V | LIVRO VI - A NOITE FOI PASSADA EM CLARO

158 10 0
                                    

I — O dia 16 de Fevereiro de 1833

A noite de 16 para 17 de Fevereiro de 1833 foi uma noite abençoada. Teve por cima da sua escuridão o céu aberto.

Foi a noite de núpcias de Mário com Cosette.

O dia havia sido delicioso.

Não fora, é Verdade, a festa azul delineada por Gillenormand; uma cena como as dos contos de fadas, animada por uma multidão de querubins e cupidos, volteando por cima da cabeça dos noivos, um casamento digno de figurar num quadro para pôr por cima de uma porta; mas fora um suave e risonho espectáculo.

A moda do casamento em 1833 não era como a de hoje.
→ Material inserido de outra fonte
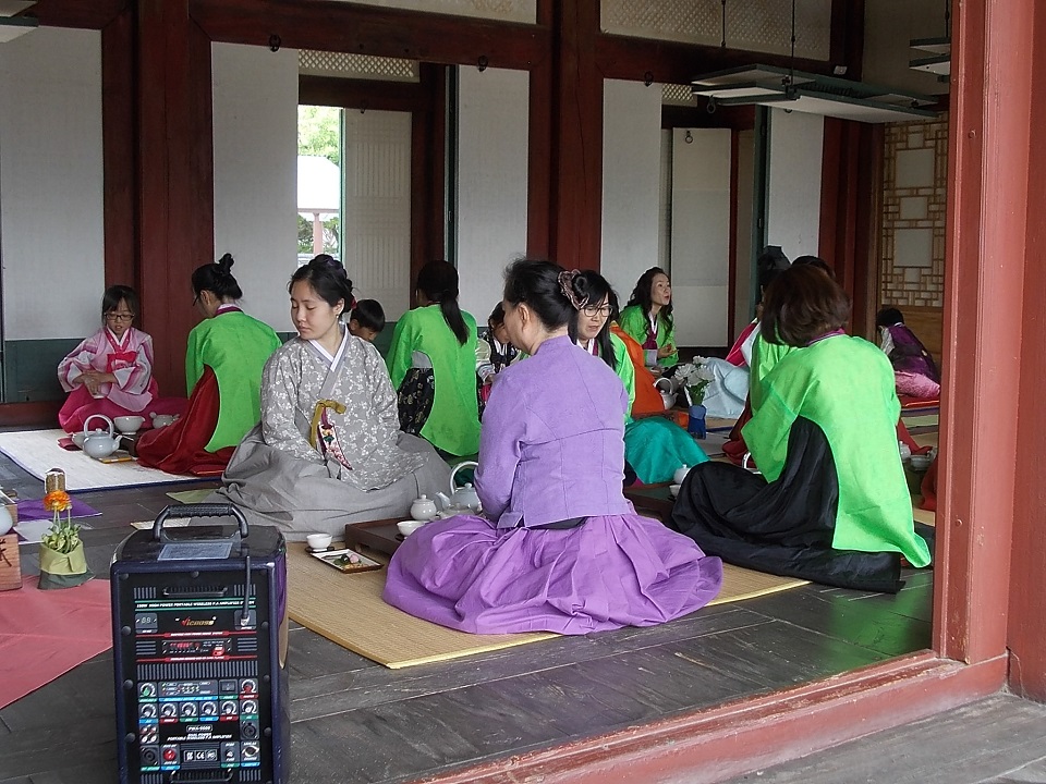 ちょうど韓国茶の実演がおこなわれておりまして、韓服の方々が伝統的な作法にのっとった茶道をなさっている様子を見学させていただくことがかないました。
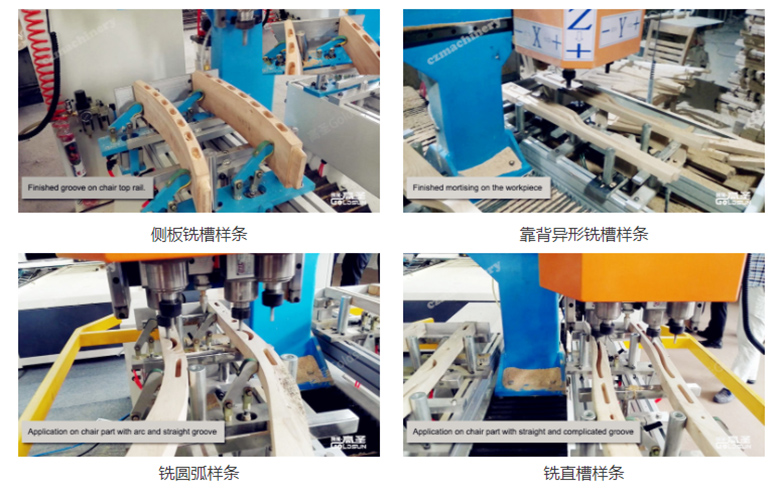 功能:用于餐桌椅的铣直槽、圆弧斜槽、钻孔、扩孔功能。
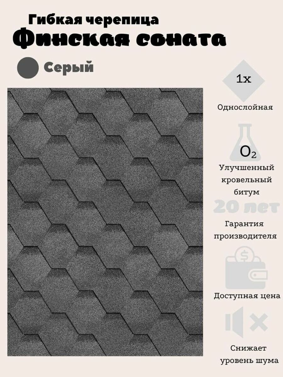 Гибкая черепица Shinglas оптима Соната, серый (3м2/уп) для крыши, многослойная
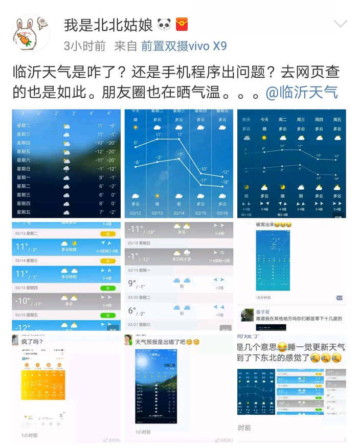 天气预报显示,临沂、菏泽最高温却降到冰点以下-12℃!
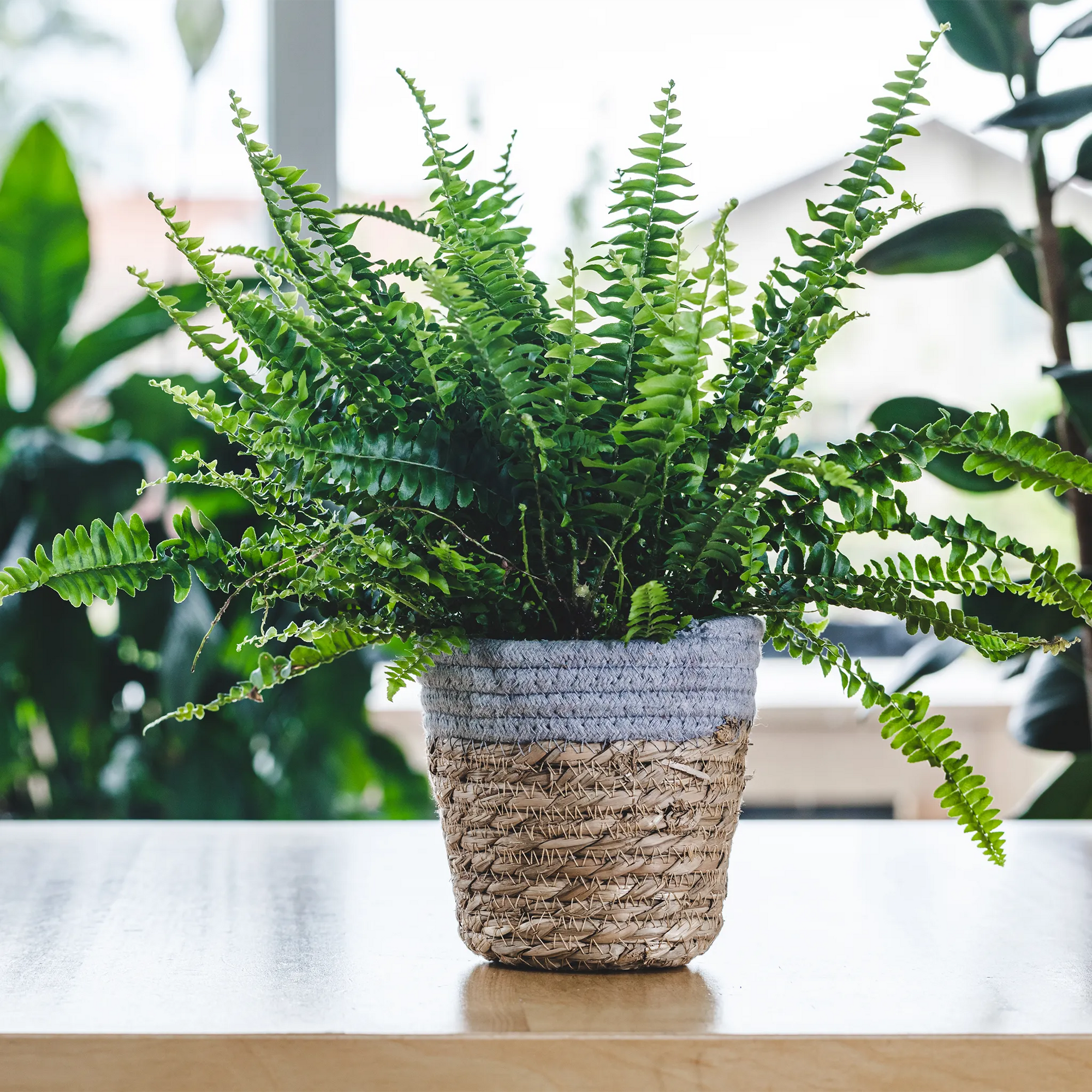 Le Nephrolepis exaltata, plus connu sous le nom de Fougère de Boston, est une plante d’intérieur classique appréciée pour ses frondes retombantes et plumeuses qui apportent douceur et élégance naturelle. Avec son feuillage dense, elle rafraîchit et décore les intérieurs, idéale dans des suspensions, sur des étagères ou des piédestaux. Elle prospère en sol constamment humide, avec une humidité élevée et une lumière indirecte, ce qui la rend parfaite pour la cuisine, la salle de bain ou un salon lumineux. Sans danger pour les animaux et purificatrice d’air, la Fougère de Boston allie beauté et bienfaits pratiques, restant un choix intemporel.
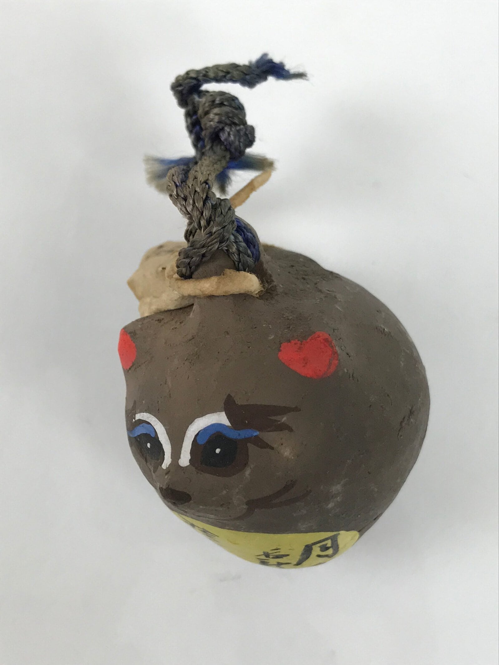 This is a vintage Japanese clay bell, Dorei or Tsuchi-Suzu from Kochi. This dorei is in the shape of a raccoon dog (tanuki) tilting its head. The face and belly are painted, and a Japanese phrase is on the belly. There is a black clay ball inside, as well as a blue string and a paper tag tied at the top.

A França ainda não tinha adoptado da Inglaterra a suprema delicadeza do marido arrebatar a noiva, deitar a fugir com ela, apenas transposto o limiar da igreja, esconder-se com vergonha da própria ventura e combinar os modos de um bancarroteiro com os arroubos do cântico dos cânticos.

Não era ainda compreendido o que há de casto, delicado e decente em levar o seu paraíso aos solavancos dentro de uma sege de aluguer, entremear o seu mistério com estalos de chicote, em tomar por leito nupcial uma cama de estalagem, em deixar após si, na alcova banal paga a tanto por noite, a mais sagrada das recordações da vida, confundida com os galanteios trocados entre o cocheiro de diligência e a criada de estalagem.
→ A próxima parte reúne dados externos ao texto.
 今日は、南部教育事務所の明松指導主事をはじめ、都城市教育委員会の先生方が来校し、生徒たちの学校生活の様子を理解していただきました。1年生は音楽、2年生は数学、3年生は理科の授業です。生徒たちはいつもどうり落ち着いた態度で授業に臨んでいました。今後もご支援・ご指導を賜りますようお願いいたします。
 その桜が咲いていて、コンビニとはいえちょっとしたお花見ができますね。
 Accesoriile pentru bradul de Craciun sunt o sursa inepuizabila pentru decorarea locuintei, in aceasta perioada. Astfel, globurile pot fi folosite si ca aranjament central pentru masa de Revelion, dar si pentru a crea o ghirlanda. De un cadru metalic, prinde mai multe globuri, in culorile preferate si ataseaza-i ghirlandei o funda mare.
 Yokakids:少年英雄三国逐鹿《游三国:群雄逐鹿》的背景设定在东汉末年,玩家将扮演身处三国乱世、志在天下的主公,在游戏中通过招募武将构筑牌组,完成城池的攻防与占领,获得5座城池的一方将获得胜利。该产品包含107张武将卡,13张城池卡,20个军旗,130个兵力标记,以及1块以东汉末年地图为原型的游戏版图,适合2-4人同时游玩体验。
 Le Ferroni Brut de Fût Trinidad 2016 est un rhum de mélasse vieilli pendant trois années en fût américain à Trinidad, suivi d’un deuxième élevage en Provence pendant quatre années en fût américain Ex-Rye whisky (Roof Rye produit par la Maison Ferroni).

Na actual metade do século XIX, já não basta o maire, com a sua faixa, o padre e a sua estola, a lei e Deus; é necessário ;que sejam completados pelo postilhão de Longjumeau; jaqueta azul de canhões vermelhos e botões de guizos, calções de pele verde, pragas contra os cavalos normandos de cauda atada, galões falsos, chapéu de oleado, cabelos empoados, grande chicote e batas até ao meio da perna.
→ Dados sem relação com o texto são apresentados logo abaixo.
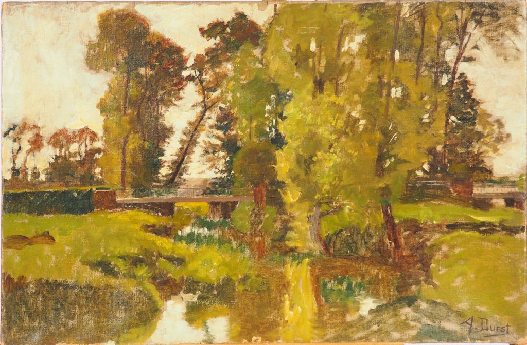 A. DURST. "Paysage au pont". Huile sur toile. Signée en bas à droite. Dim : 44 x 67 cm.
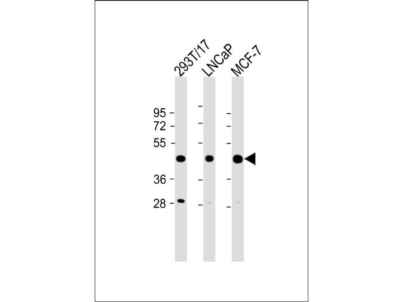This PRMT6 antibody is generated from rabbits immunized with a KLH conjugated synthetic peptide between 19-48 amino acids from the N-terminal region of human PRMT6.
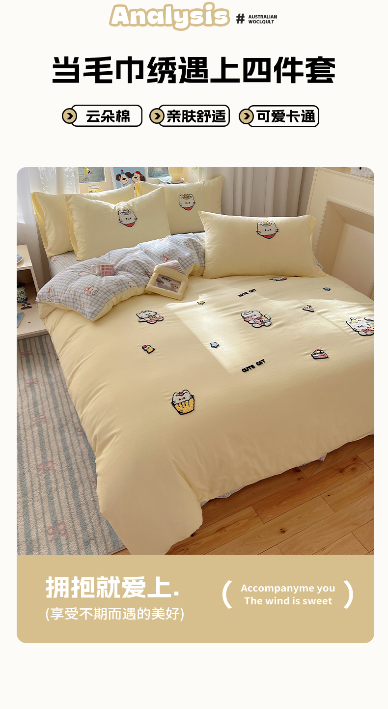 商品名称:(总)韩都家居 2025新款卡通软萌水洗棉毛巾绣四件套
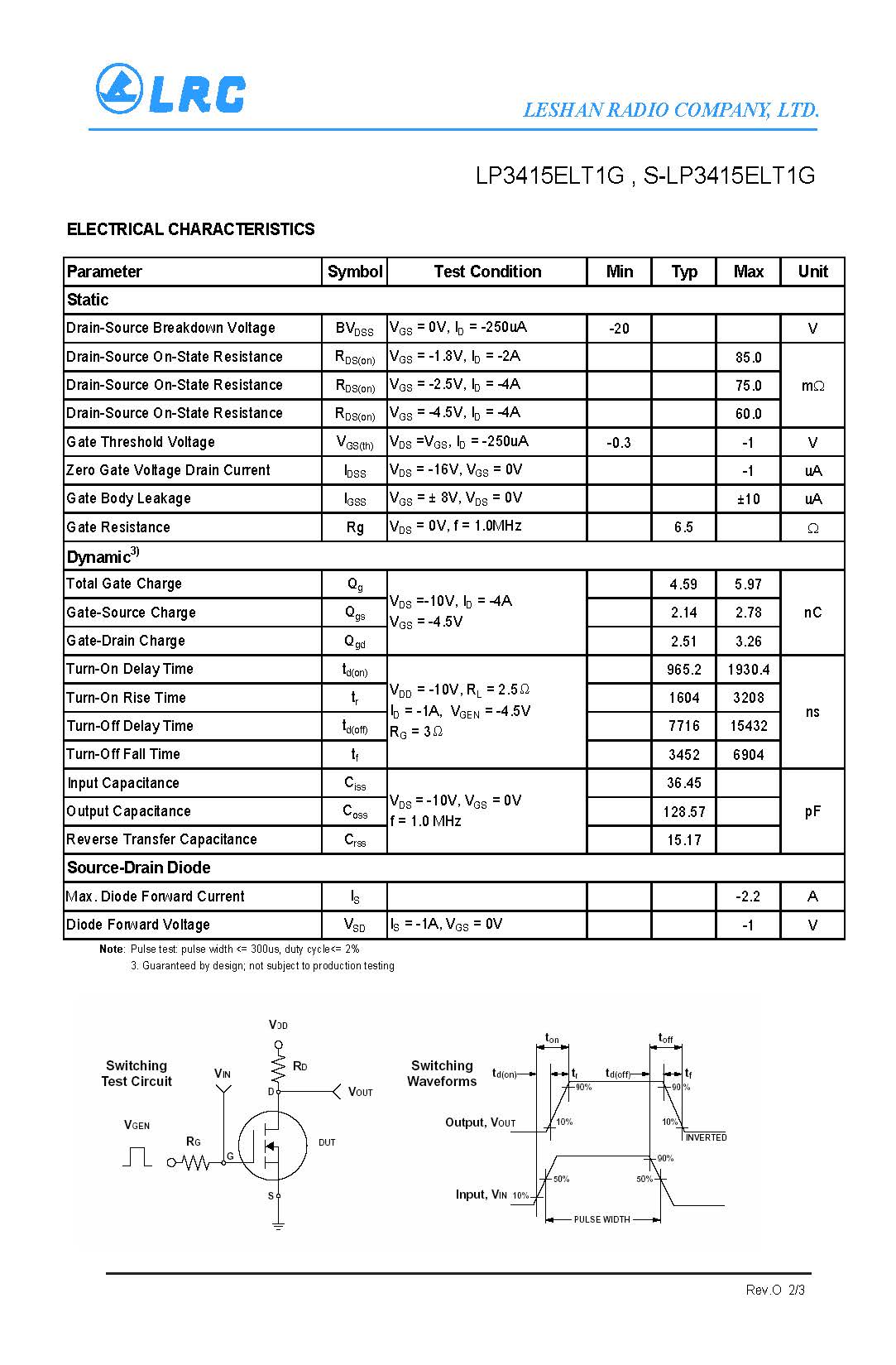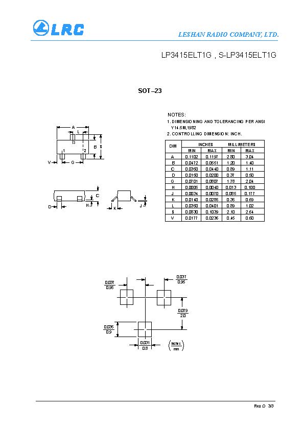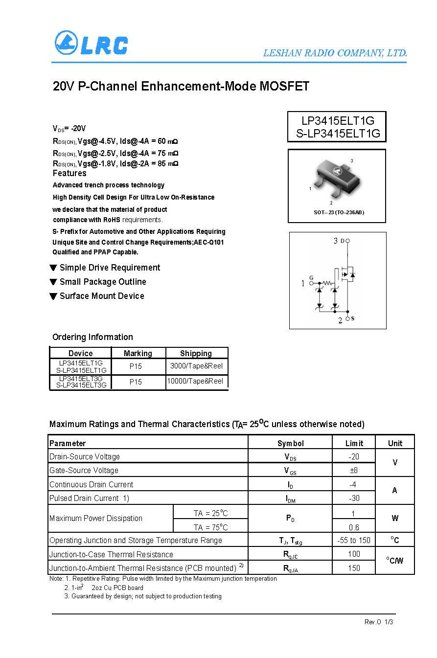 LP3415ELT1G SOT-23 P-Channel(with ESD) 20V LRC MOS管

A França não leva ainda a elegância a ponto de, como a nobility inglesa, fazer chover sobre a sege de posta que conduz os noivos uma saraivada de sapatos e chinelos velhos, em memória de Churchill, depois Marlborough ou Malforouk, acometido no dia do seu casamento por uma cólera de tia que bons resultados lhe trouxe. Verdade, verdade, os chinelos velhos ainda não fazem parte das nossas solenidades nupciais, mas uma vez que o bom gosto continue a difundir-se, certo estamos de que também entre nós pegará a moda.

Em 1833, que ainda não vai há cem anos, não se usavam os casamentos a galope, hoje tanto em voga.

Julgava-se, nessa época — «forte extravagância! Que o casamento é uma festa íntima e. social, que um banquete patriarcal em nada faz desmerecer uma solenidade doméstica, que a alegria, ainda que excessiva, uma vez que seja honesta nenhum mal faz à ventura, e que, finalmente, é venerando e conveniente que a fusão dos dois destinos de que há-de sair a família tenha princípio em casa, e, que o casal tenha desde esse momento por testemunha a câmara nupcial.

Impudentes, que levavam o seu arrojo a ponto de se casarem em casa!

O casamento, pois, teve lugar em casa de Gillenormand, segundo essa moda, hoje caduca.

Por mais natural e ordinário que seja um casamento, há sempre suas complicações na publicação dos banhos, no lavrar das escrituras, nos requisitos civis e eclesiásticos. Por conseguinte, o casamento dos dois jovens deitou a 16 de Fevereiro.

Ora sucedeu — apontamos esta particularidade simplesmente como prova da nossa exactidão — sucedeu, dizíamos, que o dia 16 de Fevereiro caiu numa terça-feira de entrudo. Deu isto lugar a hesitações e. escrúpulos, principalmente da parte da tia Gillenormand.

— Dia de entrudo! — exclamou o avô. — Melhor! Como diz o rifão:

Mariage un mardi gras

N'aura point d'enfants ingrats.

— Nada de demoras. Deixemo-nos disso! Seja no dia 16. Ou tu queres que seja mais adiante, Mário?